Please get in touch if you know anyone who fits the bill!

📉 Progress in January 📈
Our metrics for January were:

Monthly revenue: $300 (unchanged)
Customers: 1 (unchanged)

We failed to meet our target to grow from 1 to 2 customers. We retained our first customer, as they saw the value in even a very early version of our new product. However, we didn’t sign up a new customer. Reflecting on our main hypotheses going into January:

1/ Our “Stacktrace for AI mistakes” makes it faster for AI teams to action human feedback
This was mostly true. The concept was clear and resonated with AI teams as a time-saver. We booked 12 demos across January and customers clearly understood the potential value. Top-of-funnel was also a strong point. We held another ~35 discovery calls and we don’t take this for granted, given that getting customers to talk to you is the hill that many startups die on!

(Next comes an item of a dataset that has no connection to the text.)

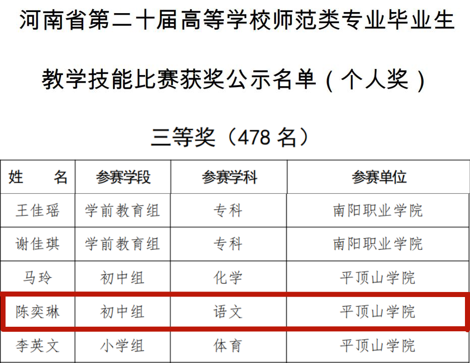 近日,河南省教育厅公布了第二十届高等公司师范类专业毕业生教学技能比赛获奖结果,公司2019级汉语言文学专业员工陈奕琳获初中组三等奖,彭月星获优秀辅导奖。

2/ Actioning human feedback on AI output quality is a significant resource commitment.
The evidence on this was mixed. This was likely the main cause of lost deals, so we write in more detail below about how we’re planning to respond.

🔬 Learnings about actioning human feedback on AI output 🔬
We held 12 demos in January but didn’t convert a new customer. The main objections were:

1/ Artanis takes too much engineering effort to integrate.
Human feedback about AI comes at irregular “bursty” intervals. Engineers may spend several days in a row looking at traces, followed by weeks of inactivity. However, the first version of our product wasn’t self-serve; we needed 2 weeks to onboard new customers. This meant there was a mismatch between the “bursty” nature of the problem and how quickly we could solve it. We’re now addressing this by making our product self-serve, so they can get up and running in minutes rather than days.

2/ We’re not collecting enough human feedback on AI output.
This was usually due to their product being pre-launch or not having enough usage. In these cases, our product doesn’t save much engineering time. This isn’t an objection we can address; it’s a qualification criterion that may impact our commercial viability. We’re taking a bet that this is a “small-but-growing” problem: AI products will pick up more usage over time, and that companies will collect more human feedback to improve their AI.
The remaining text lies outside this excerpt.